Figure 4 shows the weight map of the parameter corresponding to the temperature of the first drop in the distillation test. In this map, most northern samples were located in the blue shade areas corresponding to temperature values ranging from 35 to 40[degrees]C, while the majority of eastern samples were in the yellow and red areas, corresponding to temperatures between 42 and 46 [degrees]C.

The map for the temperature of the 10% distillate (Figure 5) shows the northern samples arranged in the blue and green region, corresponding to temperature values ranging between 50 and 54 [degrees]C, while the eastern samples are arranged in the yellow and red regions, with values between 56 and 60 [degrees]C.

Figure 6 presents the weight map regarding the temperature of the 50% distillate, and shows that this parameter was important in discriminating eastern region samples, because they were all arranged in the yellow and red region of the map, which corresponds to temperatures between 73 and 75 [degrees]C. Due the fact thatthe samples from the northern region did not show similarity to this parameter, the area where they are located is heterogeneous.
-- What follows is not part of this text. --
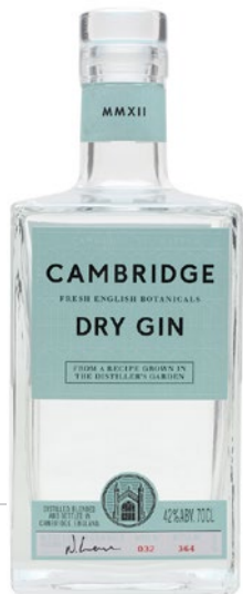
The Cambridge Distillery

Therefore, this information is not enough to group the gasoline from the northern region, although it can differentiate them from eastern samples.

Other parameters of the distillation test, such as the 90% distillate, residue and final boiling point, were not important to the segmentation of samples, as can be seen by the weight maps shown in Figure 7.

The temperatures of the 90% distillate (Figure 7a) and the final boiling point (Figure 7b) were not important because, despite having heterogeneous areas on the map, the northern and eastern samples were very similar.

The only information that can be taken from the parameter of the 90% distillate is that it differentiates the eastern samples from each other, justifying the formation of two groups. and percentage of residue (c).

The weight map of the residue (Figure 7c) is homogeneous, and it shows great similarity between the samples from the northern and eastern regions, failing to discriminate them.

Besides the distillation parameters, the parameters density and alcohol content (Figure 8) were also not important for the classification of samples. For the alcohol content, there were no large differences in the values obtained. The map of density, similarly to the temperature of the 90% distillate, only aided in the separation of the eastern samples into two groups.

4. CONCLUSION

The artificial neural network Self-organizing Map type was effective in separating gasoline C samples from different marketing regions.

The 25x25 topology and 5000 training epochs showed lower quantization error and better separation of the samples that allowed for the visualization of the groups in a topographic map.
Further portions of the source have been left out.